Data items
----------
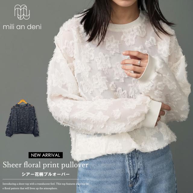 春新作 シアー花柄プルオーバー 長袖 M 春夏 ミリアンデニ t193007 メール便(郵2)対応
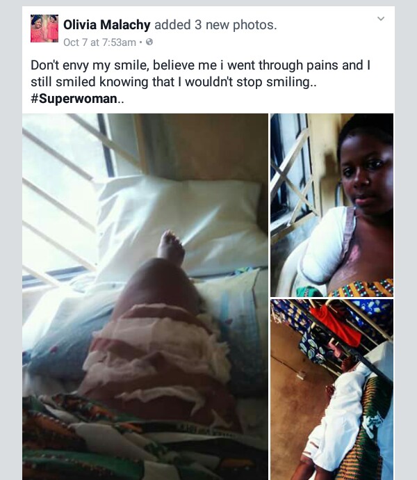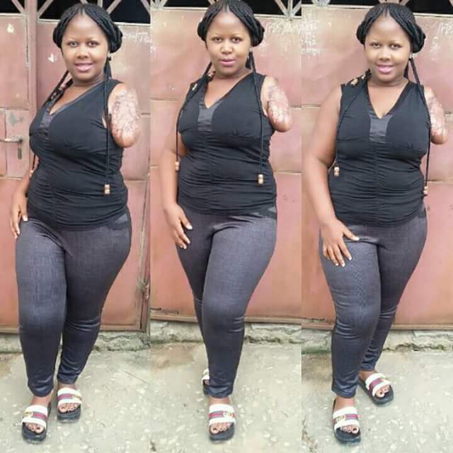 A lovely Facebook user, has shared her quite sad story of how she lost her left arm after she was involved in an accident but her mischief didn’t bring her down!
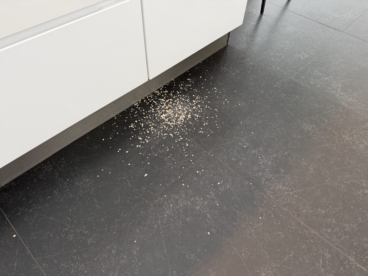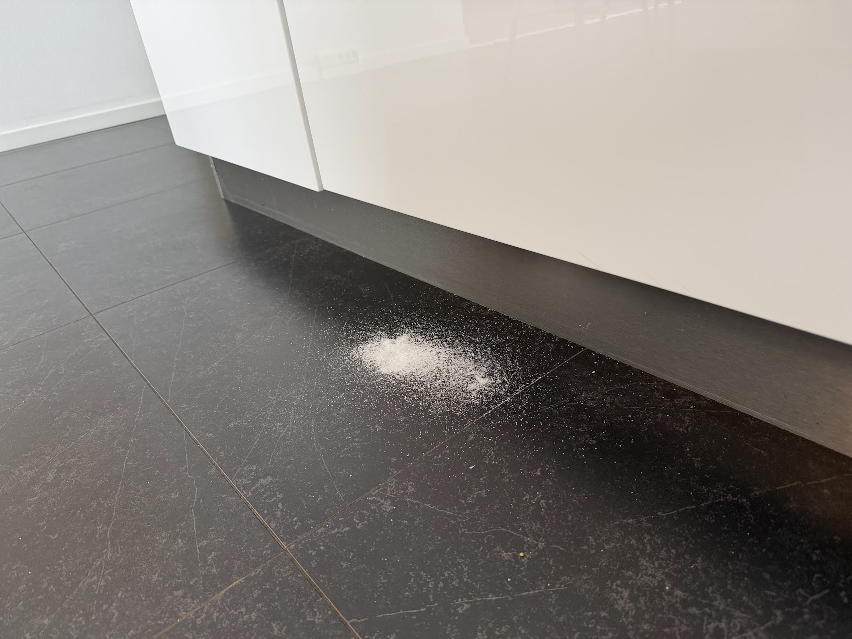 Jeg har bevidst lavet en lidt “umulig opgave” for at presse robotten og se hvor god den rent faktisk er. Hvis man ser reklamefilmen fra JONR (hop til video), så ligner det at den lige klarer oprydningen efter en stor fest. Det er en sandhed med modifikationer. Jeg satte det op, så jeg tog en stor håndfuld havregryn og lagde langs kanten af vores køkken-ø, og på den modsatte side en håndful med alm. sukker.
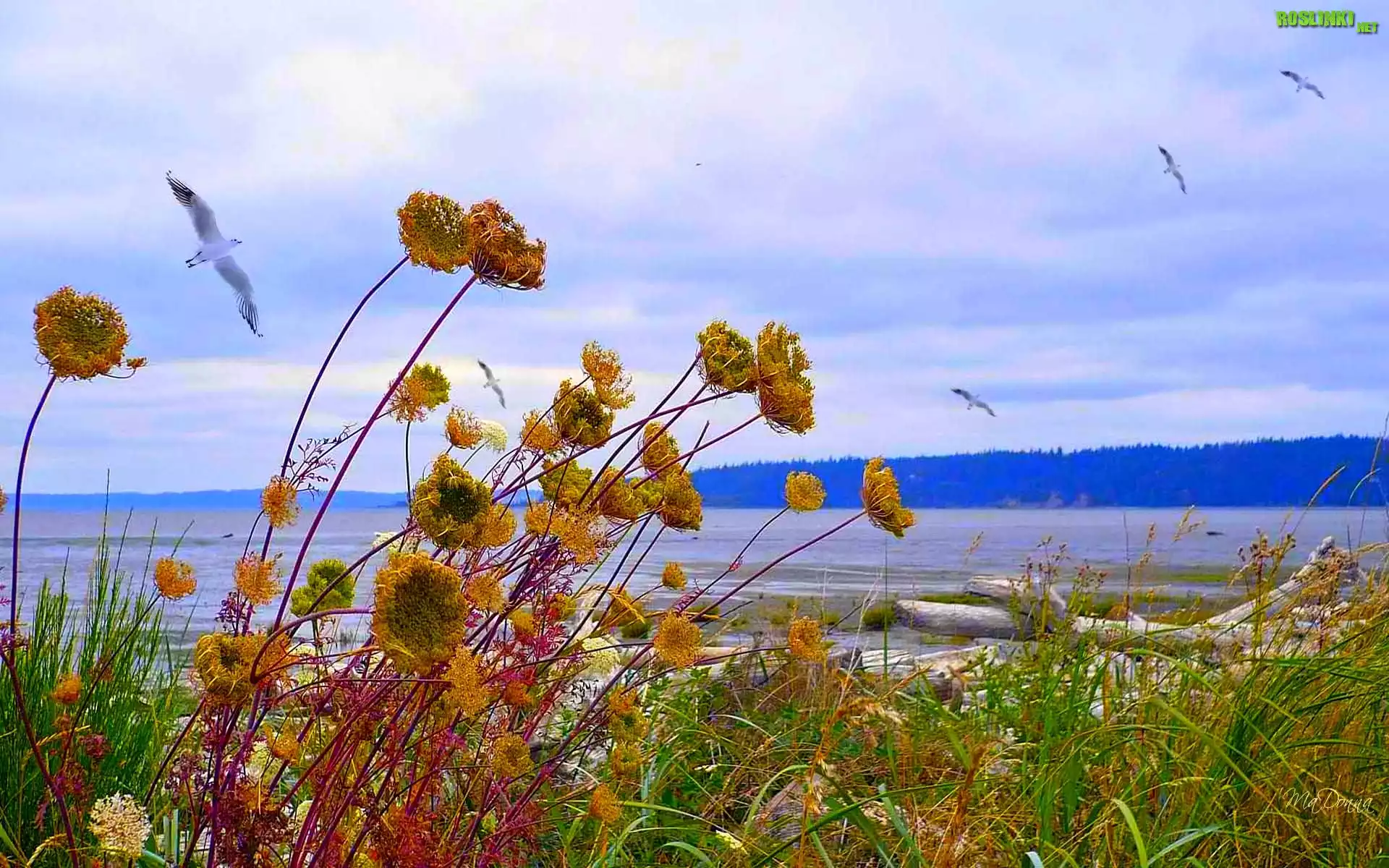 Rośliny: Jezioro, Trawy, Lasy, Góry, Ptaki, Lato
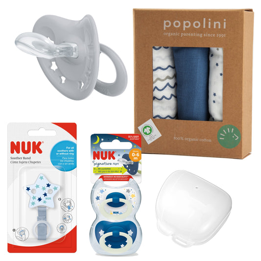 Baby Geschenkset 7-tlg Sterne Blau (Schnuller, Band, Box, Schnuffeltuchset)
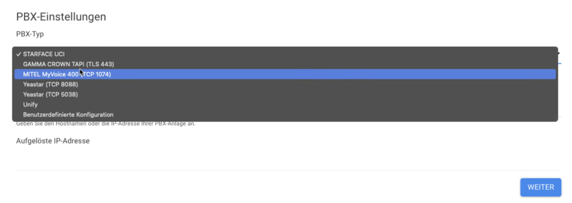 Wähle bei PBX-Typ aus, mit welcher Telefonanlage kommuniziert werden soll. Alternativ kann auch eine benutzerdefinierte Konfiguration vorgenommen werden.
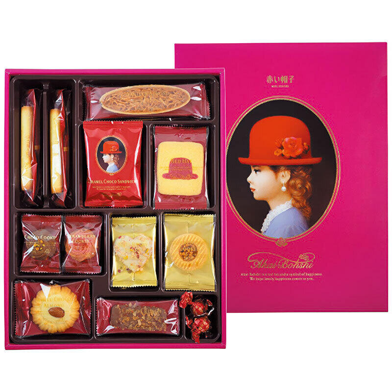赤い帽子の女の子でおなじみ、ギフトで定番のピンク缶クッキーアソートです。
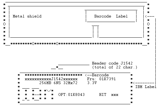 - One of the 256MB memory DIMMs is in the J1 memory slot, which locates furthest away from the processor, and the barcode label contains Header Code "J1542".
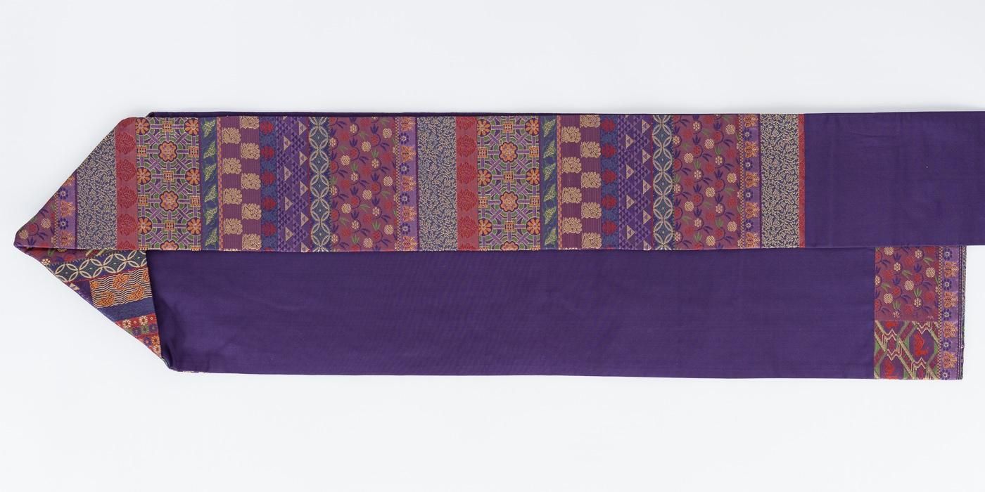 花兎、笹蔓、鱗、有栖川に荒磯など、様々な古典柄を織り出した九寸名古屋帯です。
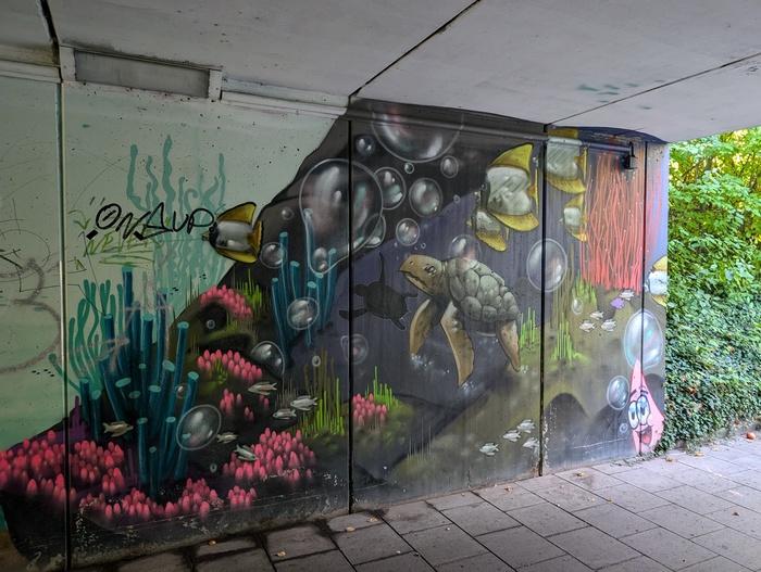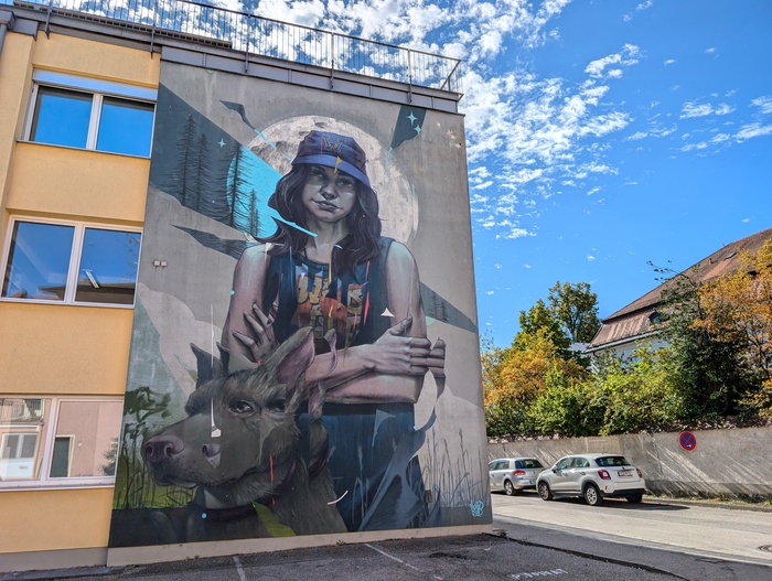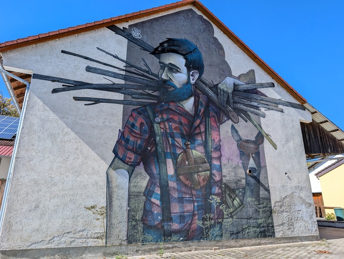 Вообще, в плане концентрации и качества работ, на мой взгляд, Эрдинг даже опережает Мюнхен. Тут получилась отличная прогулка на 1.5-2 часа, почти что "мурал трейл", и не Вудландом единым - также было замечено еще несколько внушительных работ (вообще, в свое время он здесь даже организовал стрит-арт фестиваль!)
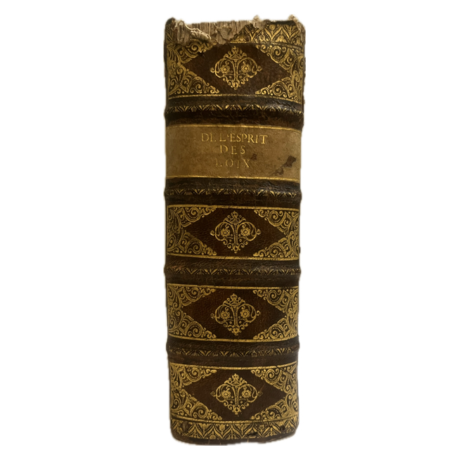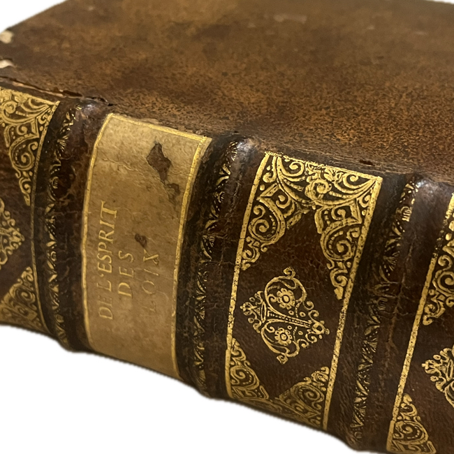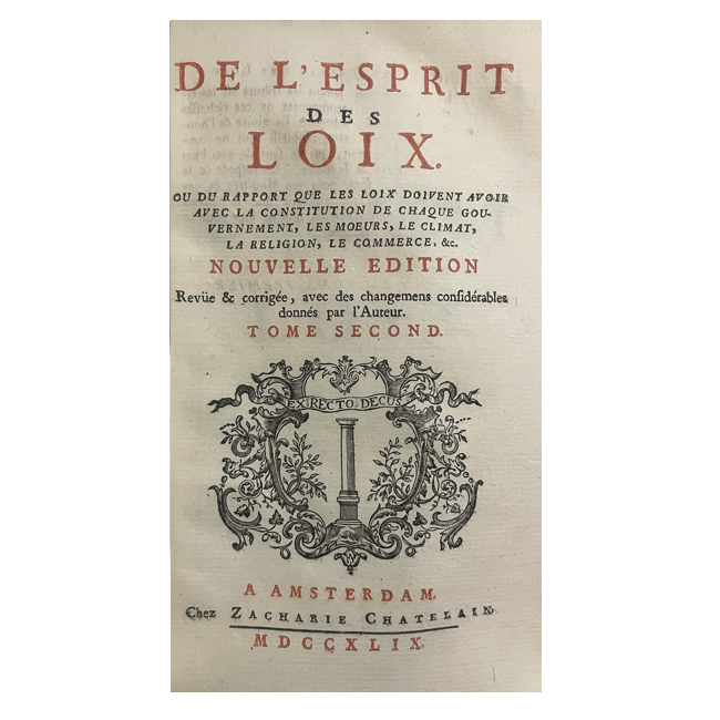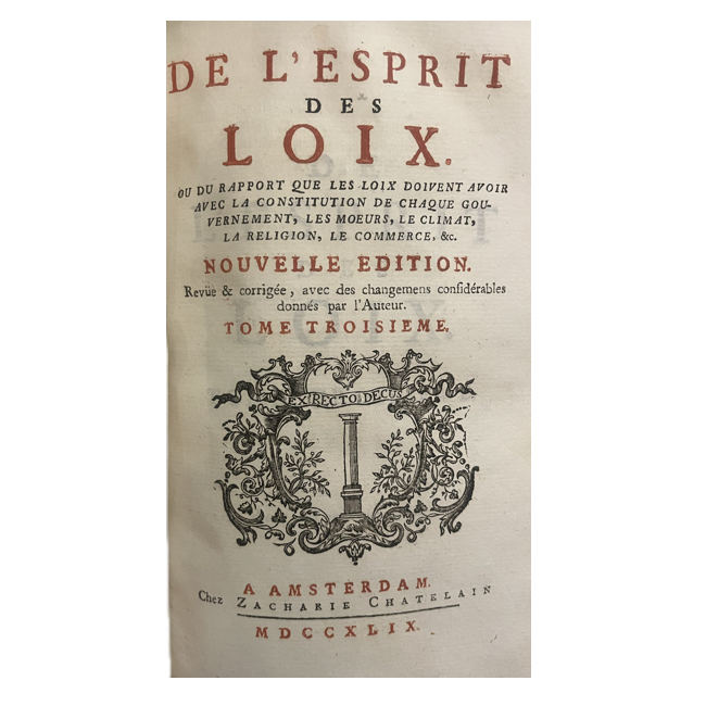 Primera edición de Ámsterdam, publicada un año después de la original y corregida por el autor, de esta obra fundamental, “[e]n muchos sentidos una de las obras más notables del siglo XVIII” (PMM 197), en la que el autor presenta su teoría de la monarquía constitucional, abogando por el constitucionalismo y la separación de poderes, y explica las leyes humanas y las instituciones sociales. Textos en francés
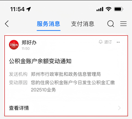 为进一步提升住房公积金服务便民化、智能化水平,郑州住房公积金管理中心创新服务模式,即日起,已在“支付宝”与“郑好办”双平台完成个人实名认证的郑州住房公积金缴存职工,可通过“支付宝”服务消息中心接收个人公积金账户变动提醒。
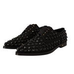 Dolce & Gabbana Black Lace Up Studded Formal Flats Shoes
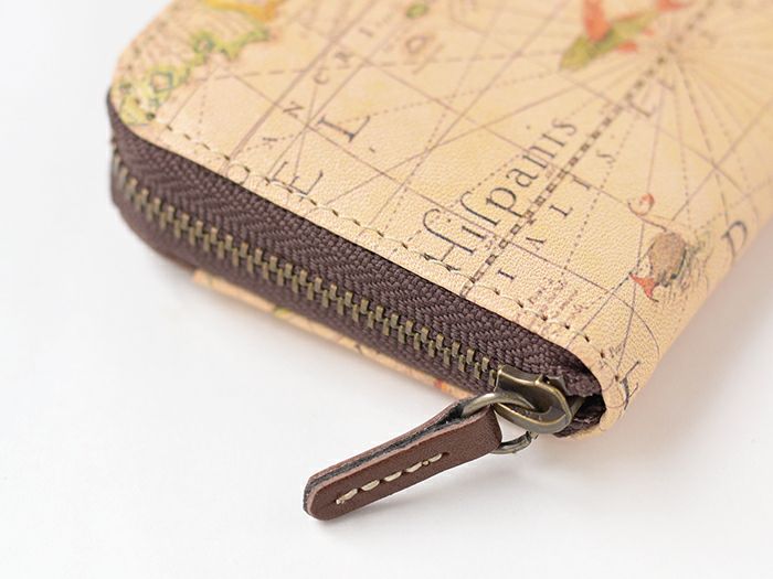 アートヌメレザー|ファスナーウォレット【アンティークマップ】
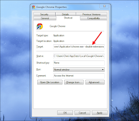 στον Chrome: κάντε δεξί κλικ στο εικονίδιο της συντόμευσης του Chrome (βλέπε εικ.) και επιλέξτε Ιδιότητες. Στην καρτέλα Συντόμευση, προσθέστε στο τέλος του πεδίου Target τη φράση "--no-extensions" (με δύο παύλες στην αρχή) και πατήστε ΟΚ. Κλείστε όλα τα ανοικτά παράθυρα του chrome και ξεκινήστε τον ξανά. Για να απενεργοποιήσετε την ασφαλή λειτουργία του Chrome, επεξεργαστείτε ξανά το εικονίδιο της συντόμευσης.
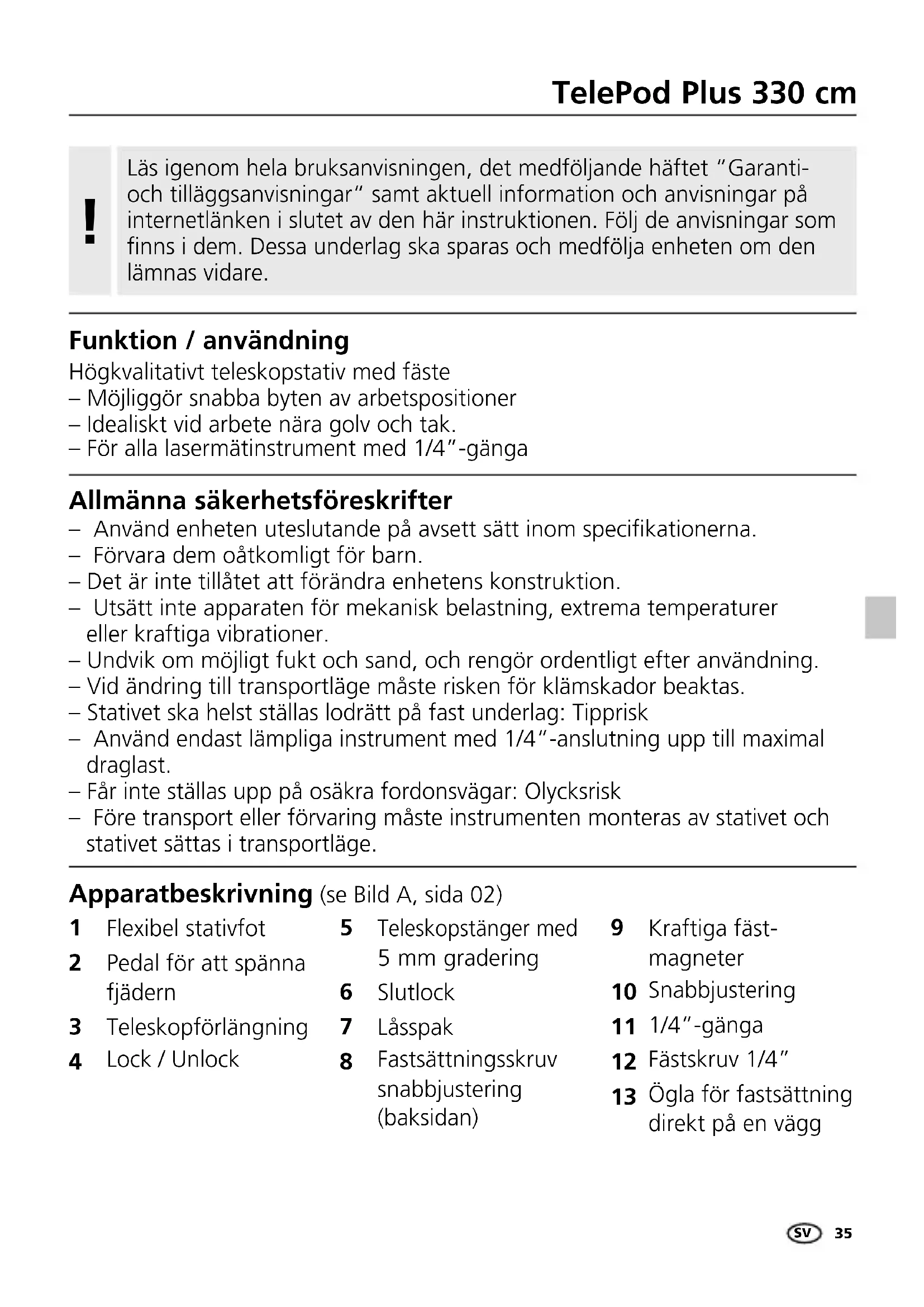 Funktion / användning Högkvalitativt teleskopstativ med fäste – Möjliggör snabba byten av arbetspositioner – Idealiskt vid arbete nära golv och tak. – För alla lasermätinstrument med 1/4”-gänga Läs igenom hela bruksanvisningen, det medföljande häftet “Garanti- och tilläggsanvisningar“ samt aktuell information och anvisningar på internetlänken i slutet av den här instruktionen. Följ de anvisningar som finns i dem. Dessa underlag ska sparas och medfölja enheten om den lämnas vidare.
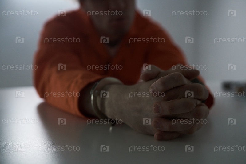Прикованный в наручники заключенный сидит в комнате допросов
----------
> _YOUR TASK_
Nothing but the lines from the one containing "Dolce & Gabbana" through the last line of the records above should appear, each repeated exactly, with no pictures.

> _RESPONSE BOX_
 Dolce & Gabbana Black Lace Up Studded Formal Flats Shoes
 アートヌメレザー|ファスナーウォレット【アンティークマップ】
 στον Chrome: κάντε δεξί κλικ στο εικονίδιο της συντόμευσης του Chrome (βλέπε εικ.) και επιλέξτε Ιδιότητες. Στην καρτέλα Συντόμευση, προσθέστε στο τέλος του πεδίου Target τη φράση "--no-extensions" (με δύο παύλες στην αρχή) και πατήστε ΟΚ. Κλείστε όλα τα ανοικτά παράθυρα του chrome και ξεκινήστε τον ξανά. Για να απενεργοποιήσετε την ασφαλή λειτουργία του Chrome, επεξεργαστείτε ξανά το εικονίδιο της συντόμευσης.
 Funktion / användning Högkvalitativt teleskopstativ med fäste – Möjliggör snabba byten av arbetspositioner – Idealiskt vid arbete nära golv och tak. – För alla lasermätinstrument med 1/4”-gänga Läs igenom hela bruksanvisningen, det medföljande häftet “Garanti- och tilläggsanvisningar“ samt aktuell information och anvisningar på internetlänken i slutet av den här instruktionen. Följ de anvisningar som finns i dem. Dessa underlag ska sparas och medfölja enheten om den lämnas vidare.
Прикованный в наручники заключенный сидит в комнате допросов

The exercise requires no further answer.